Stephen Trimble / Washington DC

Fatigue problems mean aircraft cannot be sustained until replacement arrives in 2013

A US Navy official has revealed that a third of the US Navy Lockheed Martin P-3 Orion maritime patrol aircraft fleet will be retired within the next 18-24 months.

The P-3 fleet is already being reduced from 227 aircraft to 150 by 2005, but severe fatigue problems suddenly discovered earlier this year mean that even the reduced fleet cannot be sustained before a replacement arrives in 2013, says Capt Steve Eastburg, Naval Air (NAVAIR) Systems Command programme manager for maritime patrol aircraft.

NAVAIR ordered a fatigue life evaluation on the P-3 fleet last year, and was surprised to find "significant" wear-and-tear that came close to crippling the majority of the active inventory, Eastburg told the ISR Integration 2003 conference on 18 November.

Those findings pre-dated the navy's decision in June to strongly back the P-3 and EP-3 Aries replacement concept - the Multi-mission Maritime Aircraft (MMA), says Eastburg. A request for proposals was issued last month, and bids are due by 29 December and will be based around Boeing's 737 derivative and Lockheed Martin's P-3-derived Orion 21 concept.

The $3 billion MMA system development and demonstration programme is set to begin early next year.

The acquisition could lead to an order for 108-150 aircraft, says Eastburg. The final number, he says, will be tied to the number of companion unmanned air vehicles ordered under the navy's Broad Area Maritime Surveillance programme. A related effort to replace the navy's fleet of 16 EP-3 signals intelligence platforms has been divided into a shared effort with the US Army's Aerial Common Sensor programme.
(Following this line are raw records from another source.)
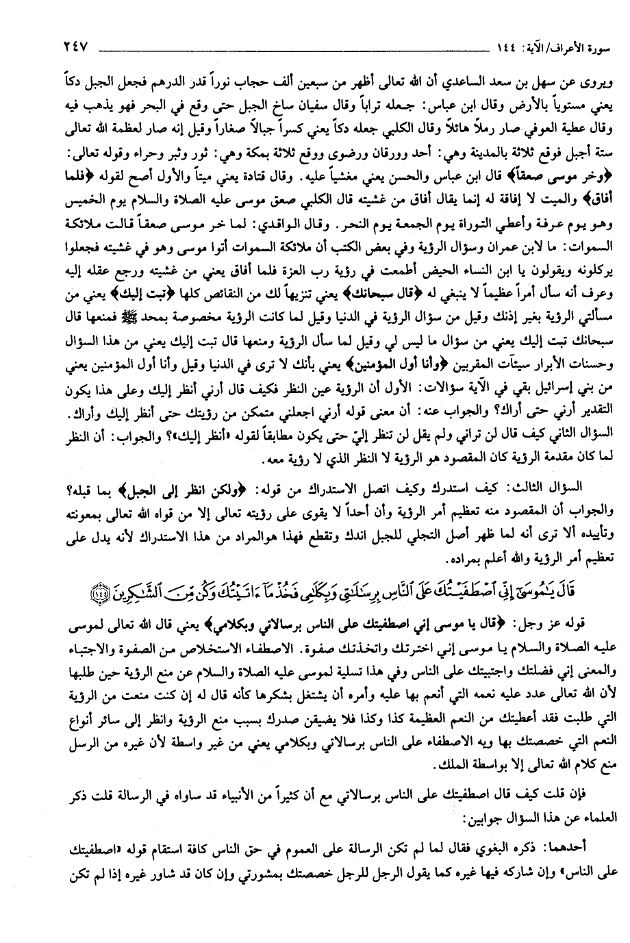 وَخَرَّ مُوسى صَعِقاً قال ابن عباس والحسن يعني مغشيا عليه. وقال قتادة يعني ميتا والأول أصح لقوله فَلَمَّا أَفاقَ والميت لا إفاقة له إنما يقال أفاق من غشيته قال الكلبي صعق موسى عليه الصلاة والسلام يوم الخميس وهو يوم عرفة وأعطي التوراة يوم الجمعة يوم النحر. وقال الواقدي: لما خر موسى صعقا قالت ملائكة السموات: ما لابن عمران وسؤال الرؤية وفي بعض الكتب أن ملائكة السموات أتوا موسى وهو في غشيته فجعلوا يركلونه ويقولون يا ابن النساء الحيض أطمعت في رؤية رب العزة فلما أفاق يعني من غشيته ورجع عقله إليه وعرف أنه سأل أمرا عظيما لا ينبغي له قالَ سُبْحانَكَ يعني تنزيها لك من النقائص كلها تُبْتُ إِلَيْكَ يعني من مسألتي الرؤية بغير إذنك وقيل من سؤال الرؤية في الدنيا وقيل لما كانت الرؤية مخصوصة بمحمد صلى الله عليه وسلم فمنعها قال سبحانك تبت إليك يعني من سؤال ما ليس لي وقيل لما سأل الرؤية ومنعها قال تبت إليك يعني من هذا السؤال وحسنات الأبرار سيئات المقربين وَأَنَا أَوَّلُ الْمُؤْمِنِينَ يعني بأنك لا ترى في الدنيا وقيل وأنا أول المؤمنين يعني من بني إسرائيل بقي في الآية سؤالات: الأول أن الرؤية عين النظر فكيف قال أرني أنظر إليك وعلى هذا يكون التقدير أرني حتى أراك؟ والجواب عنه: أن معنى قوله أرني اجعلني متمكن من رؤيتك حتى أنظر إليك وأراك.
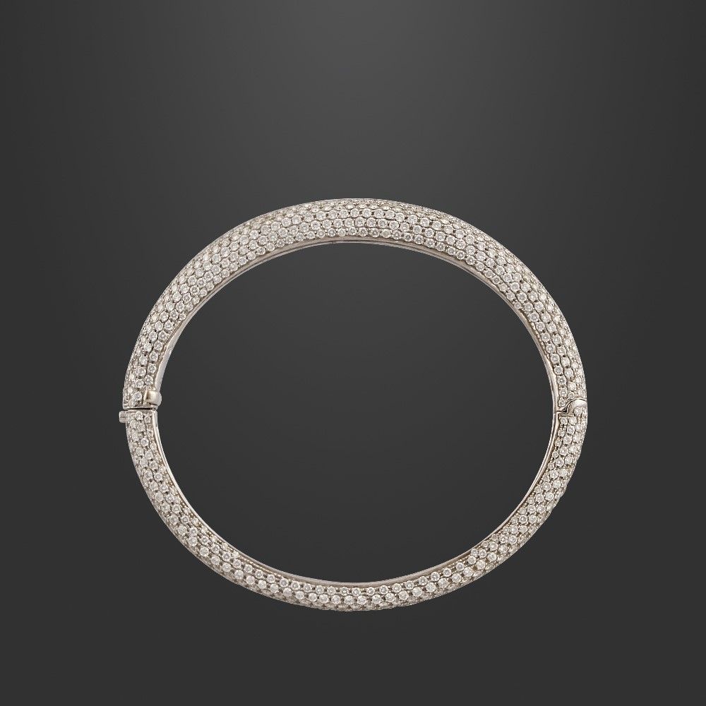 rigido in oro bianco con pavé di brillanti del peso complessivo di 7 ct ca., gr. 39,2.
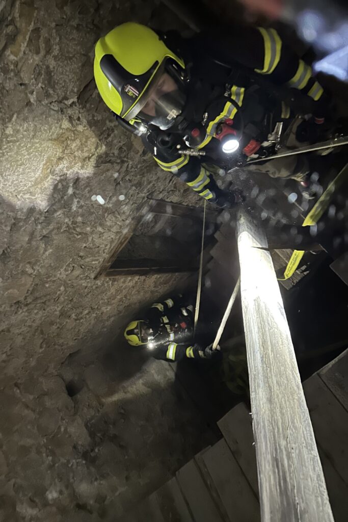 Bei der nachfolgend Übungsnachbesprechung in großer Runde wurde das geschehen besprochen und Verbesserungsvorschläge ausgetauscht. Es hatte hier auch jeder nochmal die Möglichkeit, die Gegebenheiten im Dachstuhl und Turm zu besichtigen.
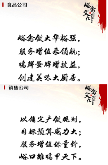 峪口禽业2014年十件大事之一:以峪口禽业文化为核心的独具特色的部门文化全面落地,峪禽文化体系建设更进一步

Meanwhile, the P-3s that remain in active service are being rushed into a two-tier refurbishment process to address systemic fatigue problems, says Eastburg. The improvements are expected to "buy back thousands of hours of life" for the airframe, he says. Some of the 150 aircraft will be set aside for enhanced special structural inspections.

Eastburg says the refurbishment will address fatigue "hot spots" on the aircraft, which first entered service in 1962, having been derived from Lockheed's L188 Electra airliner.

The navy had considered meeting the MMA requirement with a hybrid approach (Flight International, 1-7 April), retaining some of the Orion's airframe, combined with new-build structural assemblies and modern avionics, which would have reduced costs and yielded an earlier service entry. This option now seems unlikely.